The deposition could matter even if Ms. Carroll’s defamation suit dies.

Ms. Carroll’s lawyers have said that she plans to file a separate case against Mr. Trump in November under a new state law allowing adult sexual assault victims a one-time opportunity to sue, even if the statute of limitations has expired.

That suit will probably end up before Judge Kaplan under the federal court’s rules on related cases.

Given the potential filing of the second lawsuit, the judge wrote last week, there was no reason to delay Mr. Trump’s deposition.

“The question whether Mr. Trump in fact raped Ms. Carroll is central to this case,” Judge Kaplan wrote. “But it will be central also to the new case.”

What other legal actions does the former president face?

There are investigations by the Justice Department and Congress into Mr. Trump’s role in the events of the Jan. 6 attack on the Capitol, and the department also has been scrutinizing Mr. Trump’s removal of thousands of sensitive government documents when he left the White House. Mr. Trump’s potential interference in Georgia’s election results is under investigation by the Fulton County, Ga., district attorney. Mr. Trump has not been accused of wrongdoing in those inquiries.

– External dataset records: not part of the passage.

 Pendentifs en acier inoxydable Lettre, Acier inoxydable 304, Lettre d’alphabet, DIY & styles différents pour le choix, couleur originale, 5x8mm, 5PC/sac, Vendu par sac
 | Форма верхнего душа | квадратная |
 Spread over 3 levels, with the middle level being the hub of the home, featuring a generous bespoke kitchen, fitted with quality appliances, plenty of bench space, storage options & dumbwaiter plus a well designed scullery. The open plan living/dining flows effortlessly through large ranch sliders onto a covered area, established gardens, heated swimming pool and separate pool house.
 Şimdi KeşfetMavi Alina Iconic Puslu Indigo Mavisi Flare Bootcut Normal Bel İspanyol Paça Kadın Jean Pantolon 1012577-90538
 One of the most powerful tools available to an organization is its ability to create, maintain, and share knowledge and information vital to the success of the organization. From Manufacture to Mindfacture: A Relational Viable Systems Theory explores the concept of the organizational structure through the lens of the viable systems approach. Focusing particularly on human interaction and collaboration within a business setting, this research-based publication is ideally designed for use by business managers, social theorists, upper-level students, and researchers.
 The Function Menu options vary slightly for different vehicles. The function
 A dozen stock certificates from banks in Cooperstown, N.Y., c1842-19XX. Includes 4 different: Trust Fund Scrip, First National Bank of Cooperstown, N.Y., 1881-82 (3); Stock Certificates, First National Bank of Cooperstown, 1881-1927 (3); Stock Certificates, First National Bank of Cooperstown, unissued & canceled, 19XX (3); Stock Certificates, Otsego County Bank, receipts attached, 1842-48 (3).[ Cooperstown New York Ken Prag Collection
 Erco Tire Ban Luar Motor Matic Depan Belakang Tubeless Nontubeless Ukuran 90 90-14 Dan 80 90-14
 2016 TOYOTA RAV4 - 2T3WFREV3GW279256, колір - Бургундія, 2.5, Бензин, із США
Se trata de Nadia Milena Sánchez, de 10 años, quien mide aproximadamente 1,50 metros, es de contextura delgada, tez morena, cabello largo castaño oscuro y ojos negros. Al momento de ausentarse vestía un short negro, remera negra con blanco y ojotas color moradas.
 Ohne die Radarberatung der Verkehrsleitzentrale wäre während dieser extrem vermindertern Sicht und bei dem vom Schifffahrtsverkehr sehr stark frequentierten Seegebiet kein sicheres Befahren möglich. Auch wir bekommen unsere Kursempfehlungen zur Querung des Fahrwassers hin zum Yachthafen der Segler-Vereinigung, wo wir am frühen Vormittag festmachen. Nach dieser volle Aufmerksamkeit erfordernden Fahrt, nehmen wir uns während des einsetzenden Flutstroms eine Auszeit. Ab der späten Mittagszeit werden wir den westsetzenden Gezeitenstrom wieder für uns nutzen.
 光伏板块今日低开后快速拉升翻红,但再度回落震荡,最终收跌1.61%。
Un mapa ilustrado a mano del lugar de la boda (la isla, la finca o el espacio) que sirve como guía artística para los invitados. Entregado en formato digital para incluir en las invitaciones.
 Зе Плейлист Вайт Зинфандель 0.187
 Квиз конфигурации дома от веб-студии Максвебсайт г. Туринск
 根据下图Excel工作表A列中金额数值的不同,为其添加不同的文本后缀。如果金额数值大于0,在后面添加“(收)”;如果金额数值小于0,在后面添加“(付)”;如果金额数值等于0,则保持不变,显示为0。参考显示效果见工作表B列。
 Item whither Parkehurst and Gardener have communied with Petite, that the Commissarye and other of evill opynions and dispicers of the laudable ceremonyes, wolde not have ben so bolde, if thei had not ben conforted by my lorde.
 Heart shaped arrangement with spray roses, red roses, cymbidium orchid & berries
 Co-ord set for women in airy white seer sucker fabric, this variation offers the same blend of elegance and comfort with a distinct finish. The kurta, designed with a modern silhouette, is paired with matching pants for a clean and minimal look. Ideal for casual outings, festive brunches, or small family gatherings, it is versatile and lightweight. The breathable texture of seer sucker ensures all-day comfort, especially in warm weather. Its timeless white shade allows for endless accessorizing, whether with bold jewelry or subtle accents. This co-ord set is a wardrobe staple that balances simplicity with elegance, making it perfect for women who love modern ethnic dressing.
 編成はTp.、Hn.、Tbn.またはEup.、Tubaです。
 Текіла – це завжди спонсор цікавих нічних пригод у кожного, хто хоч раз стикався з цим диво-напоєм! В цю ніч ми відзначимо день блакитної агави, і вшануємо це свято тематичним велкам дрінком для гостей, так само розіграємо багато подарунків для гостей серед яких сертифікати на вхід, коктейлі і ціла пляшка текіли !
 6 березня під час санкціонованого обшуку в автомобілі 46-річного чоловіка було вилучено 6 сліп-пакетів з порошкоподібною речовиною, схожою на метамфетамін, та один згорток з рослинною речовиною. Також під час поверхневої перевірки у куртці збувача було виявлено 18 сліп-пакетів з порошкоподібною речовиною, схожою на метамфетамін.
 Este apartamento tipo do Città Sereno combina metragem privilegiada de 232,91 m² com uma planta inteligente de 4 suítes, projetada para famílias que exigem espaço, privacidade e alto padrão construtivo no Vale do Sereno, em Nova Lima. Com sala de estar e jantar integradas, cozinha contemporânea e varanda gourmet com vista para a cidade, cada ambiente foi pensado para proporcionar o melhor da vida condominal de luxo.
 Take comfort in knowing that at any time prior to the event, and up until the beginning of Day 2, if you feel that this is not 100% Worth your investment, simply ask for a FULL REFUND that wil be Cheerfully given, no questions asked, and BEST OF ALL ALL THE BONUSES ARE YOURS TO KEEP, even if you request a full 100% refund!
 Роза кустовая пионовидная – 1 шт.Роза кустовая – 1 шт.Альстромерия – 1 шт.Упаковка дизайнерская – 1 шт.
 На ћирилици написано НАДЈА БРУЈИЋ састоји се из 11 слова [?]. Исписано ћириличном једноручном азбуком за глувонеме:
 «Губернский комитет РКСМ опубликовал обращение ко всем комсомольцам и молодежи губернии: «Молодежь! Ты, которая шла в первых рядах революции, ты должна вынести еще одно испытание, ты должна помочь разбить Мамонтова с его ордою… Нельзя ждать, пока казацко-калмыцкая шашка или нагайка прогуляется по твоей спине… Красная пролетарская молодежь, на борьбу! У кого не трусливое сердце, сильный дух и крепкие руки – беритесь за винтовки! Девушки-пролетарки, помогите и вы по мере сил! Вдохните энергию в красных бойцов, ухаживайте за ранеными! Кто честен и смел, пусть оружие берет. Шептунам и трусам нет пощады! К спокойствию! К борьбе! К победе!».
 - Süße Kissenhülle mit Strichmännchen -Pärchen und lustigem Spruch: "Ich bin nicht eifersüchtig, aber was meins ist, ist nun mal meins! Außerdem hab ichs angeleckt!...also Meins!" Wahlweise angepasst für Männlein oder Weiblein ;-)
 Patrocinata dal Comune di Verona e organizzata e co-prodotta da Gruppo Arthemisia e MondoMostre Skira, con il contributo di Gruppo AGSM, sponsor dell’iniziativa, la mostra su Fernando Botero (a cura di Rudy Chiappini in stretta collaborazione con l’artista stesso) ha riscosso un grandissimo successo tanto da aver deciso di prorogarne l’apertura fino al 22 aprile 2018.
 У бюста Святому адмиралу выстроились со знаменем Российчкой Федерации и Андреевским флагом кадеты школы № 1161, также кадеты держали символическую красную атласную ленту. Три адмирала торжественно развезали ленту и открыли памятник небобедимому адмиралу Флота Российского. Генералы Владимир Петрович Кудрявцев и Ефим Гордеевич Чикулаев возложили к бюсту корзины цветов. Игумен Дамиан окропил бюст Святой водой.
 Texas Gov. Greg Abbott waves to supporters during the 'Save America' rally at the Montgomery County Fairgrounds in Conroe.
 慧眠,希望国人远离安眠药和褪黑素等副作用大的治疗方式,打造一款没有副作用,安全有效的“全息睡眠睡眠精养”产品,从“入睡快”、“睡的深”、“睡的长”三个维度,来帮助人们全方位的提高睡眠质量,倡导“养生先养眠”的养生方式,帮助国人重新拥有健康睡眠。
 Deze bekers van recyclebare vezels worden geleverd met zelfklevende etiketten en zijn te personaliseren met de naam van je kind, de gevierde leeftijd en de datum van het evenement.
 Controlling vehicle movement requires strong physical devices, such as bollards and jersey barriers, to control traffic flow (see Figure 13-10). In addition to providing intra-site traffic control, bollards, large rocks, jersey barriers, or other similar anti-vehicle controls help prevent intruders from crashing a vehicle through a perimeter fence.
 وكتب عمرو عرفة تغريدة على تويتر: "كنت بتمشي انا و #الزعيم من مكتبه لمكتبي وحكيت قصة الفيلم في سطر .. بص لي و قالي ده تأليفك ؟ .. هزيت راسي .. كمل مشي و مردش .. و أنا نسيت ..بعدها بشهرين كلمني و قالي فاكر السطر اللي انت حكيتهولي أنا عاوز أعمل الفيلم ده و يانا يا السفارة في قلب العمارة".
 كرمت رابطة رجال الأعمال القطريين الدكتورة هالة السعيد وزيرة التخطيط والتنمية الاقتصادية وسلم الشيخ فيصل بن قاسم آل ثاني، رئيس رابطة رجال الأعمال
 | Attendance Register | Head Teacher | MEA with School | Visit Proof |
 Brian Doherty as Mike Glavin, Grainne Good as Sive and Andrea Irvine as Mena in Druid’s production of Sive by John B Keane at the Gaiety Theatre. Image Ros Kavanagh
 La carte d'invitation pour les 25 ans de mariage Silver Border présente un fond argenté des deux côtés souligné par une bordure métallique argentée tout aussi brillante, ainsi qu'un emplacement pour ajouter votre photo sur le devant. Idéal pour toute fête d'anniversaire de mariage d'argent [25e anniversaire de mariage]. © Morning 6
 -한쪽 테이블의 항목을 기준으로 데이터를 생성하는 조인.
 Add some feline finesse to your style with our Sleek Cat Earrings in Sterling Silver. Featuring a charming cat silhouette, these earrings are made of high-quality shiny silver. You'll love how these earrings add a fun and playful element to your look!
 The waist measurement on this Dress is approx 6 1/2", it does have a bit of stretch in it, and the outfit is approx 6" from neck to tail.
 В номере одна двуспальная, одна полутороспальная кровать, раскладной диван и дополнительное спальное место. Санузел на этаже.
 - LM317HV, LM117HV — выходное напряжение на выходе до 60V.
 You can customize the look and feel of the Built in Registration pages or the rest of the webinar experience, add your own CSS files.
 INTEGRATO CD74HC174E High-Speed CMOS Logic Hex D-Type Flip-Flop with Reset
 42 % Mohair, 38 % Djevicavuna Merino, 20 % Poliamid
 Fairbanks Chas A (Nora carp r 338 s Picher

Last month, the New York attorney general, Letitia James, sued Mr. Trump, accusing him, three of his children and his family business of lying to lenders and insurers by fraudulently overvaluing his assets. Mr. Trump, in a post on Truth Social, attacked Ms. James and the investigation as “Another Witch Hunt by a racist Attorney General.” The office of Alvin L. Bragg, Manhattan’s district attorney, has also been conducting a criminal investigation into some of the same issues covered in Ms. James’s inquiry.